## Data excerpt
.....
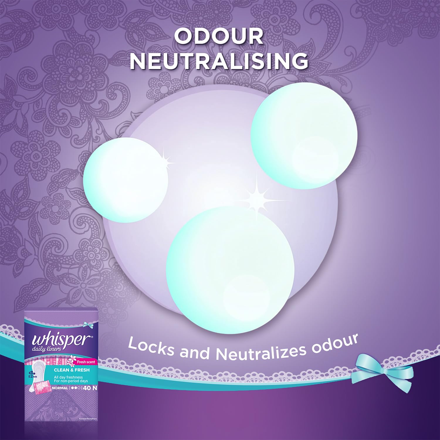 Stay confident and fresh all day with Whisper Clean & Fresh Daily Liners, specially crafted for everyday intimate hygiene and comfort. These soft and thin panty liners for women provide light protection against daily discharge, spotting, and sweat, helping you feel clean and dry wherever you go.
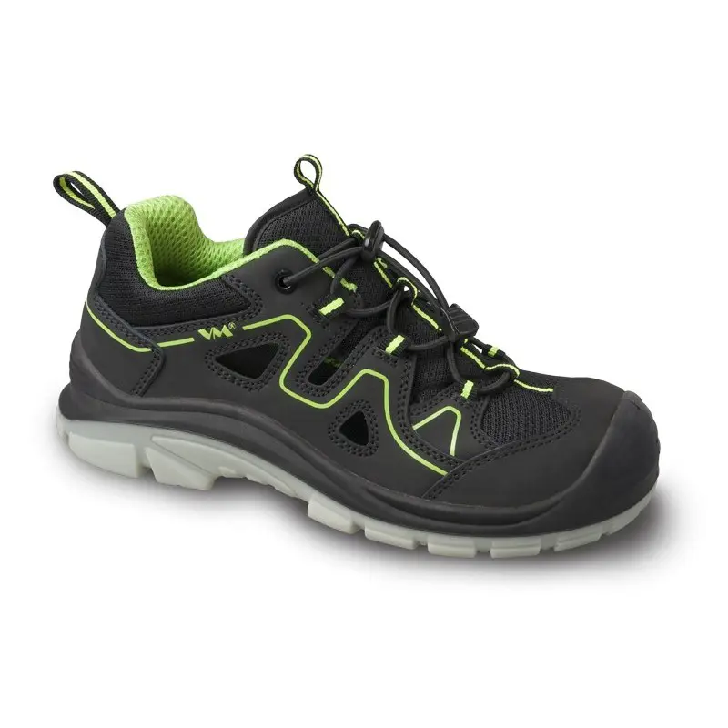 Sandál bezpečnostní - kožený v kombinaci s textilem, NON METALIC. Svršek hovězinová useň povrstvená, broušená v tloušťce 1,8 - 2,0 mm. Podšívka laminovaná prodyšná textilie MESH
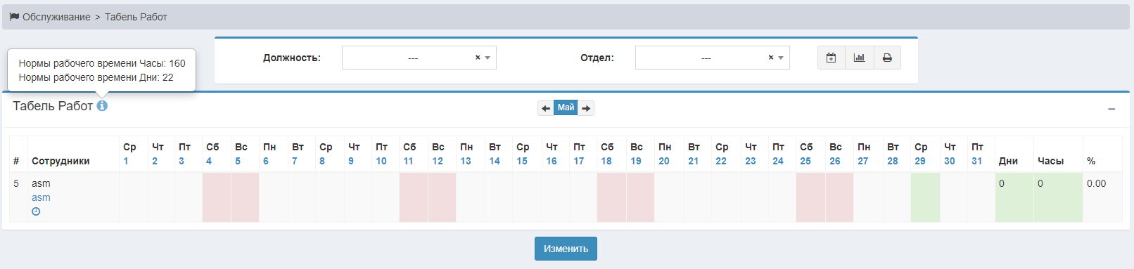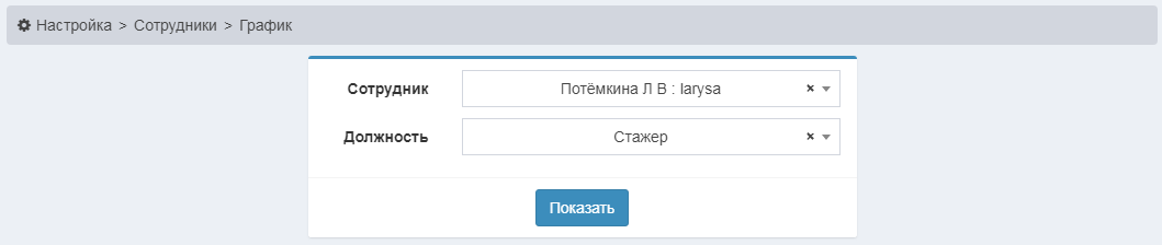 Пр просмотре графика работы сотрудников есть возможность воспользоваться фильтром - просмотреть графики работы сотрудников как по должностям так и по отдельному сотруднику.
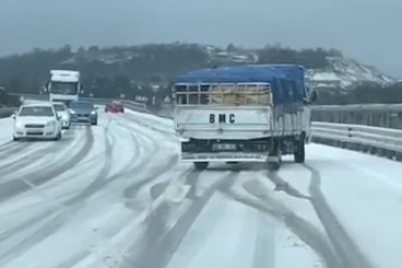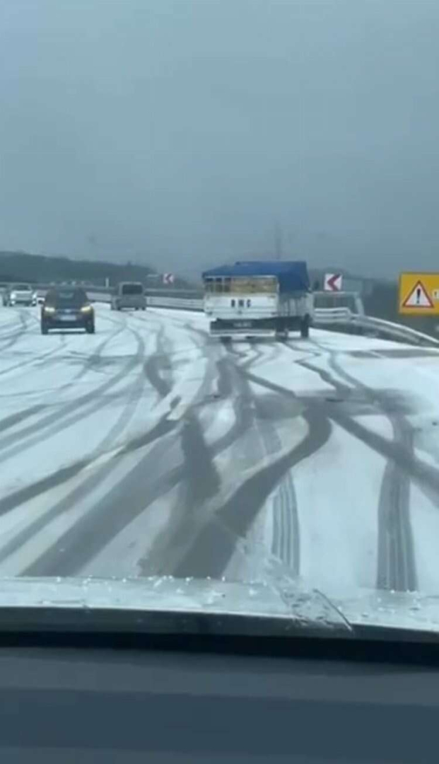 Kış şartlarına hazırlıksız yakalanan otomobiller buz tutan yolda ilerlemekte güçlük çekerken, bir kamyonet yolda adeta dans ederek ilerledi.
.....
## What the task requires
Pictures aside, give the data again exactly as it appears.

## Response to this exercise
 Stay confident and fresh all day with Whisper Clean & Fresh Daily Liners, specially crafted for everyday intimate hygiene and comfort. These soft and thin panty liners for women provide light protection against daily discharge, spotting, and sweat, helping you feel clean and dry wherever you go.
 Sandál bezpečnostní - kožený v kombinaci s textilem, NON METALIC. Svršek hovězinová useň povrstvená, broušená v tloušťce 1,8 - 2,0 mm. Podšívka laminovaná prodyšná textilie MESH
 Пр просмотре графика работы сотрудников есть возможность воспользоваться фильтром - просмотреть графики работы сотрудников как по должностям так и по отдельному сотруднику.
 Kış şartlarına hazırlıksız yakalanan otomobiller buz tutan yolda ilerlemekte güçlük çekerken, bir kamyonet yolda adeta dans ederek ilerledi.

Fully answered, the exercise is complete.